This is an autoimmune disease in which the parenchima is virtually replaced by a lymphoid infiltrate with germinal centers, sometimes with a prominent fibrosis in longstanding disease. Several autoantibodies are identified in affected patients, such as antibodies against thyroid microsomal antigens and against TSH receptors.
The gland is usually enlarged, painless, with or without nodularity. Some patients may be hyperthyroid or euthyroid at the begininning, but later most of them become hypothyroid.
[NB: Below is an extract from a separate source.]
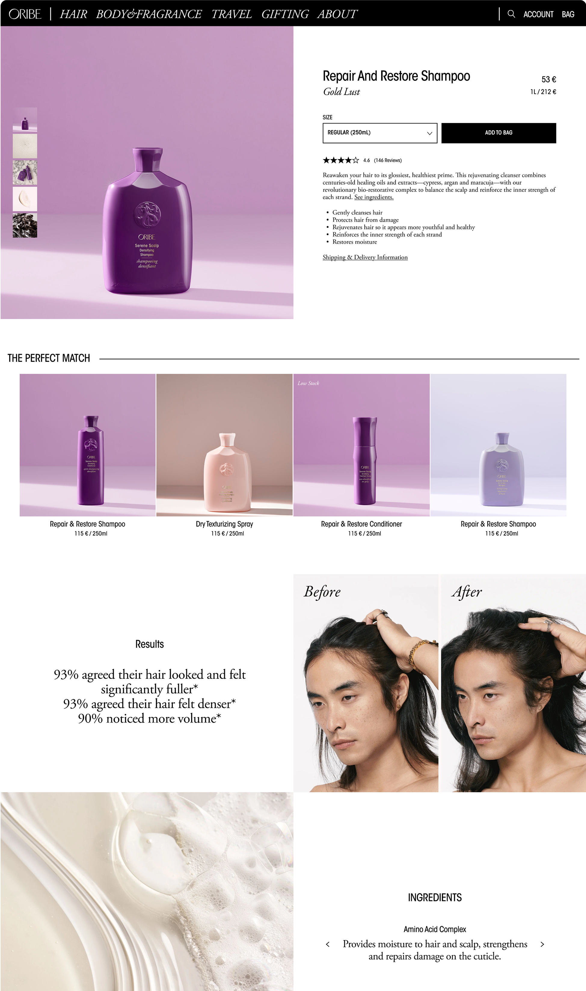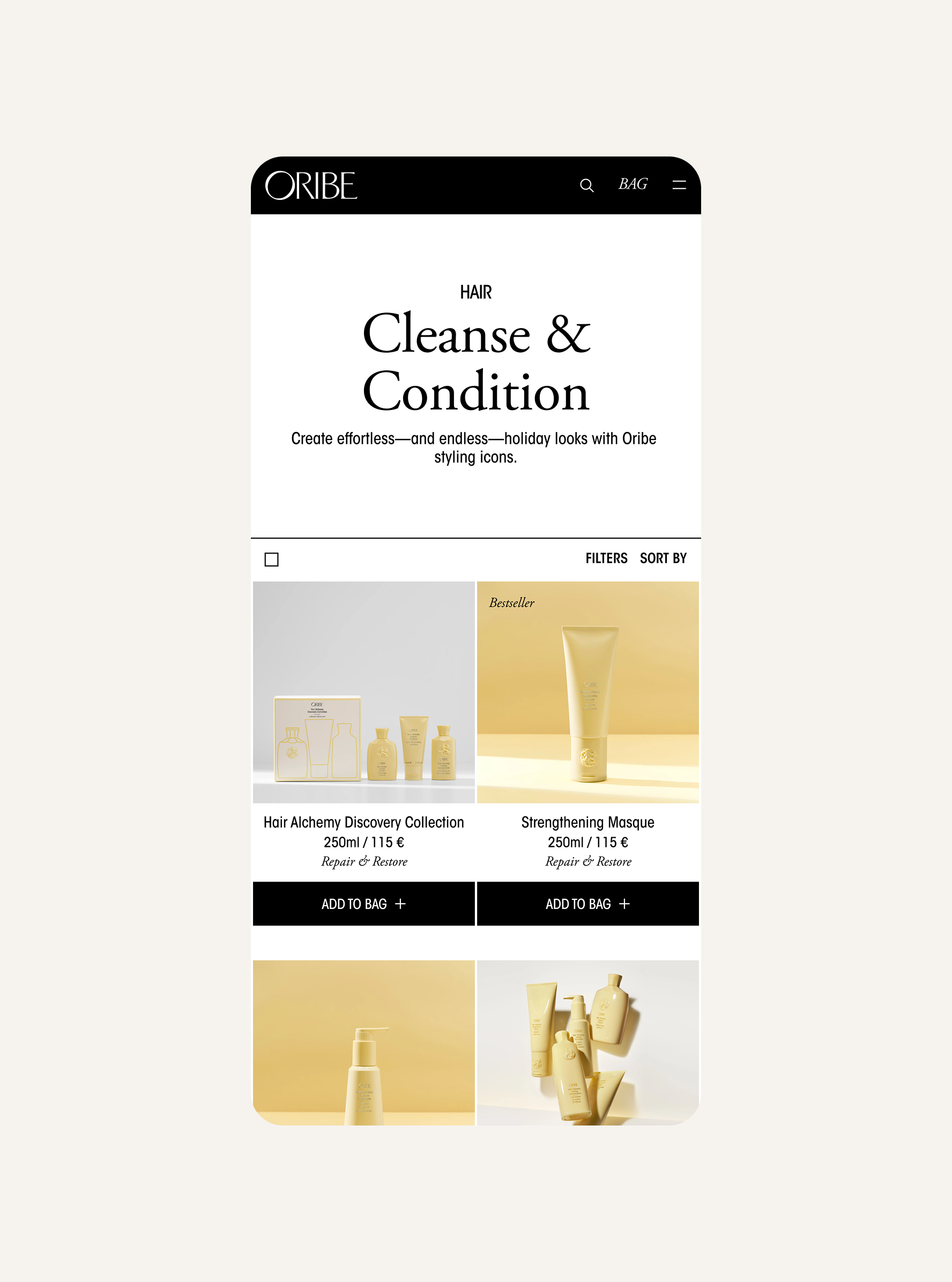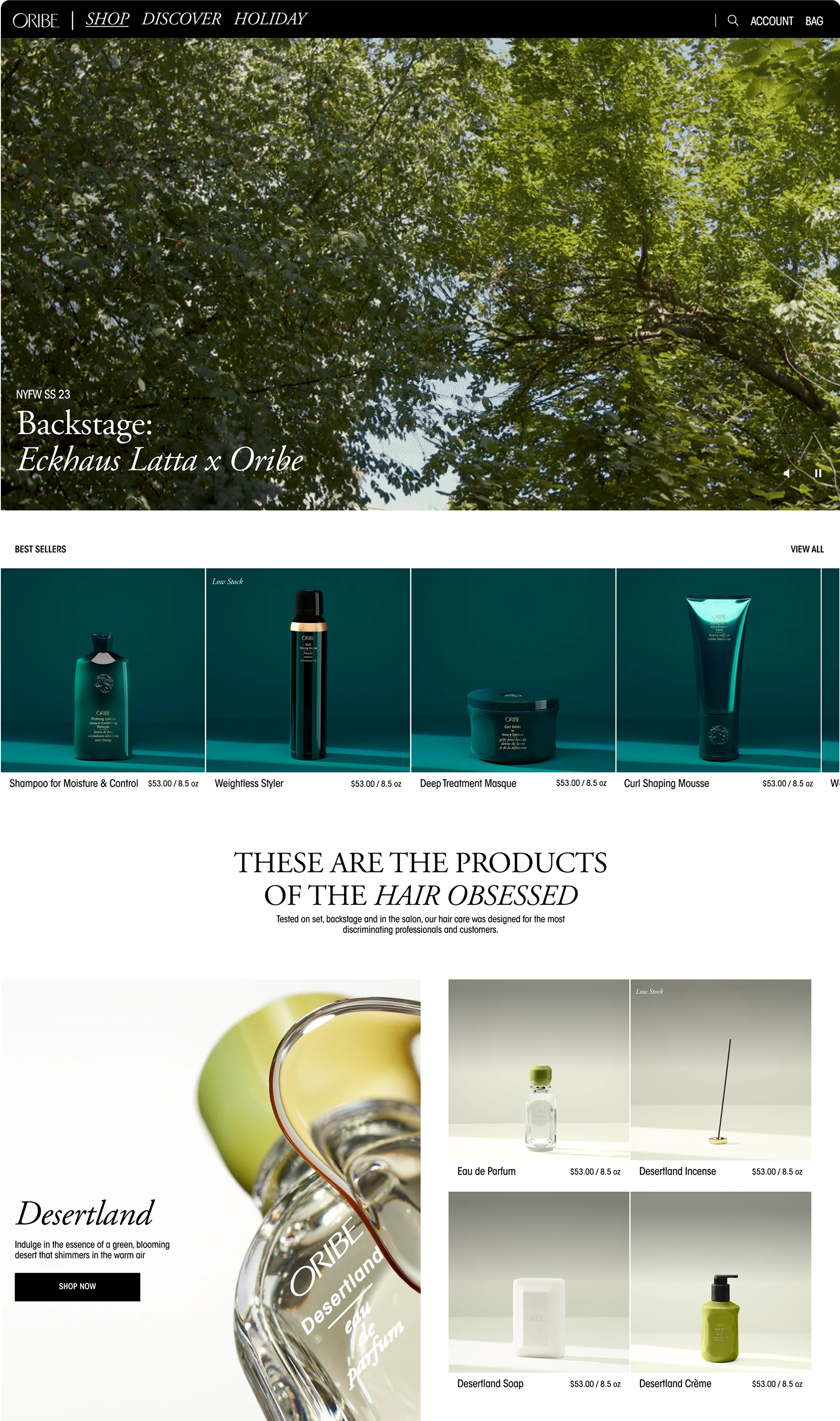 Today, Oribe.com is more than just a storefront—it’s a content-rich, commerce-forward experience that continues to evolve. Black & Black remains a trusted partner, supporting the brand’s growth through a thoughtful balance of technology, design, and strategy that stays true to Oribe’s iconic voice.

Cytologic diagnostic features
- mixed population of lymphocytes
- tingible-body macrophages
- lymphohistiocytic aggregates
- Hürthle cells
The aspirate is usually cellular, prodominantly composed of lymphocytes (small lymphocytes, centroblasts and centrocytes), which may be intraepithelial, and plasmacells. Lymphohistiocytic aggregates, with tingible-body macrophages, are also present. Occasional clusters of thyrocytes may be observed, usually with degenerative changes and oncocytic morphology: they have abundant, eosinophilic granular cytoplasm and enlarged nuclei (Hürtle cell metaplasia). Multinucleated giant cells can be present too. Colloid is usually absent or scanty.
The cytologic diagnosis is usually straightforward and needs a confirmation by identifying serum autoantibodies.
- Non-Hodgkin lymphoma
- Hürthle cells neoplasm
The prevalence of lymphoma is increased in patients with Hashimoto`s thyroiditis; lymphoma usually consists of a uniform population of atypical lymphoid cells. Hürthle cell tumors have to be differentiated from hyperplastic Hürthle cell nodules, which may occur in Hashimoto`s thyroiditis; the cells of tumors usually have prominent nucleoli and are less cohesive than in thyroiditis.